1 files changed, 86 insertions, 31 deletions
diff --git a/newlib/libc/locale/locale.c b/newlib/libc/locale/locale.c
index 85069aefa..26283c5f4 100644
--- a/newlib/libc/locale/locale.c
+++ b/newlib/libc/locale/locale.c
@@ -56,34 +56,36 @@ for a given language, a three character string per ISO 639-3.

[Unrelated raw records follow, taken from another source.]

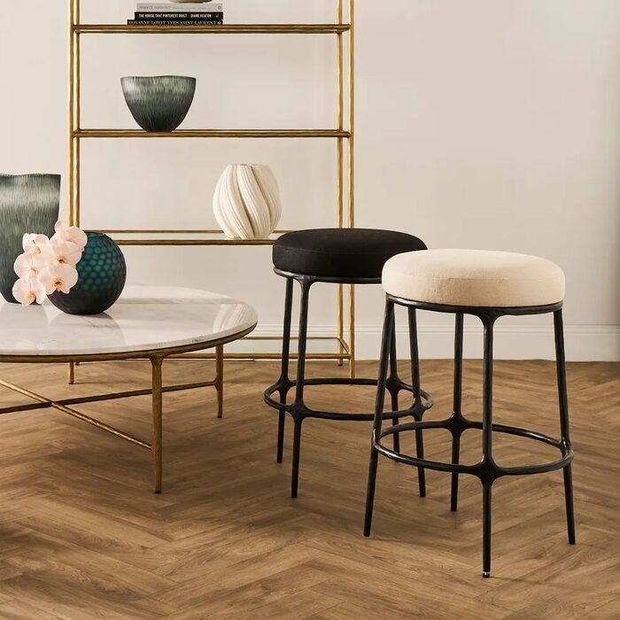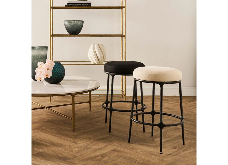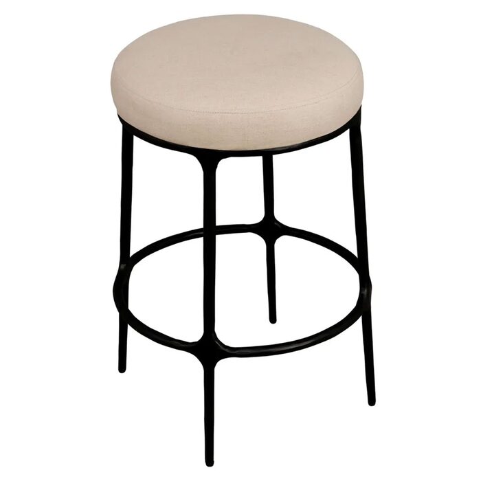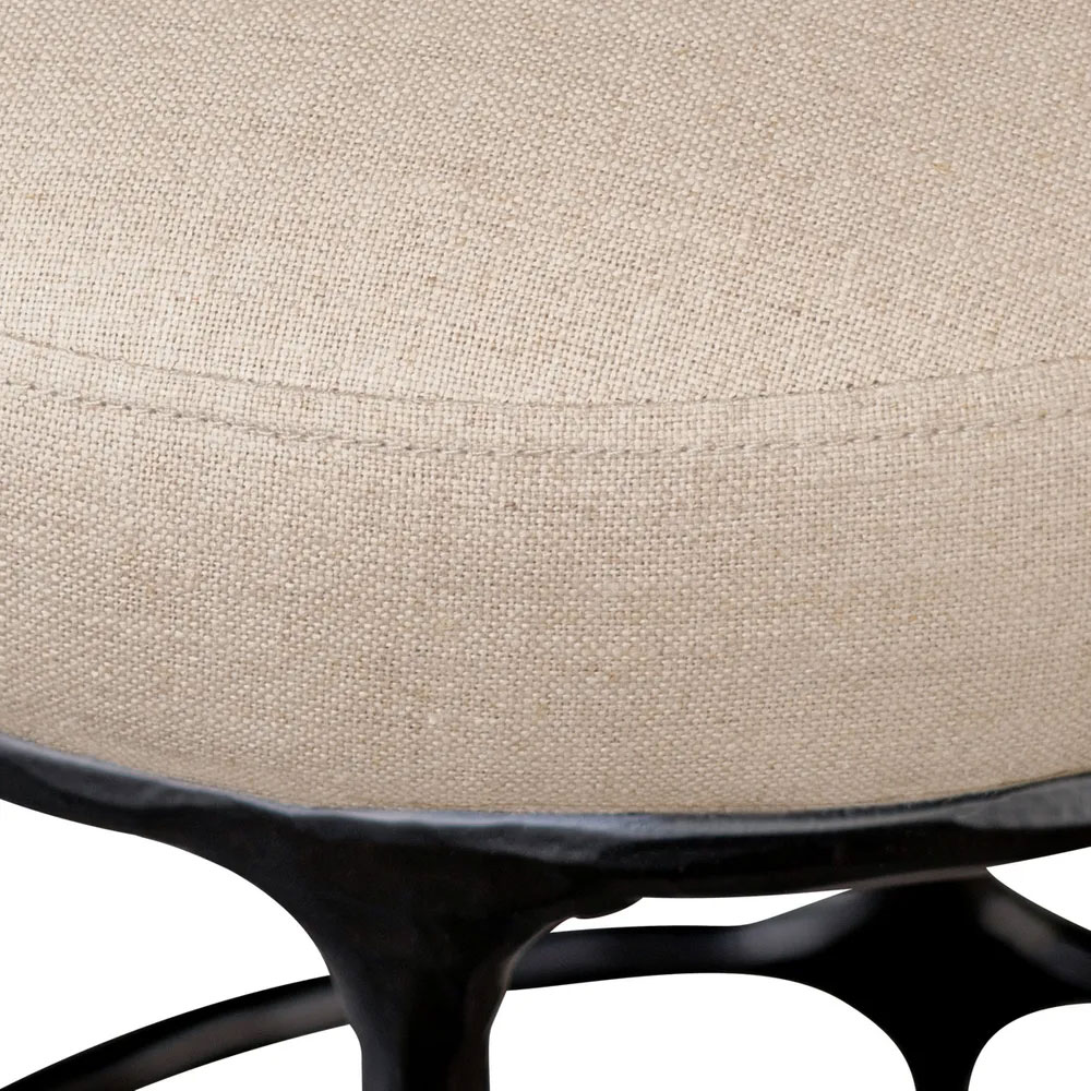 Experience timeless elegance with our Heston Kitchen Stool collection, seamlessly blending the rustic charm of hand-forged solid iron frames with organically smoothed upholstery in black 100% cotton or natural 100% linen.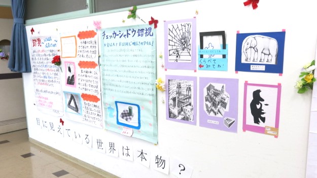 代表の2年生を中心に、錯覚班、箱庭班、逆さめがね・鏡映描写班の3つのグループに分かれて、5月頃から少しずつ企画を進めてきました。その結果、とても盛りだくさんの展示や体験コーナーができあがりました。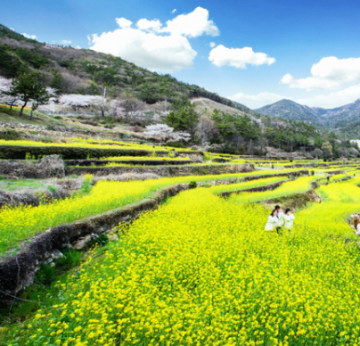 4월이면 계단식 논과 해안 절벽을 따라 노란 유채꽃이 만개해 멋진 풍경을 만든다.

 <<"TERRITORY">> is a country code per ISO 3166.  For <<"charset">> and
 <<"modifier">> see below.
 
-Additionally to the POSIX specifier, seven extensions are supported for
-backward compatibility with older implementations using newlib:
-<<"C-UTF-8">>, <<"C-JIS">>, <<"C-eucJP">>, <<"C-SJIS">>, <<C-KOI8-R>>,
-<<C-KOI8-U>>, <<"C-ISO-8859-x">> with 1 <= x <= 15, or <<"C-CPxxx">> with
-xxx in [437, 720, 737, 775, 850, 852, 855, 857, 858, 862, 866, 874, 932,
-1125, 1250, 1251, 1252, 1253, 1254, 1255, 1256, 1257, 1258].
-
-Instead of <<"C-">>, you can specify also <<"C.">>.  Both variations allow
+Additionally to the POSIX specifier, the following extension is supported
+for backward compatibility with older implementations using newlib:
+<<"C-charset">>.
+Instead of <<"C-">>, you can also specify <<"C.">>.  Both variations allow
 to specify language neutral locales while using other charsets than ASCII,
 for instance <<"C.UTF-8">>, which keeps all settings as in the C locale,
 but uses the UTF-8 charset.
 
-Even when using POSIX locale strings, the only charsets allowed are
+The following charsets are recogized:
 <<"UTF-8">>, <<"JIS">>, <<"EUCJP">>, <<"SJIS">>, <<"KOI8-R">>, <<"KOI8-U">>,
-<<"ISO-8859-x">> with 1 <= x <= 15, or <<"CPxxx">> with xxx in
-[437, 720, 737, 775, 850, 852, 855, 857, 858, 862, 866, 874, 932, 1125, 1250,
-1251, 1252, 1253, 1254, 1255, 1256, 1257, 1258].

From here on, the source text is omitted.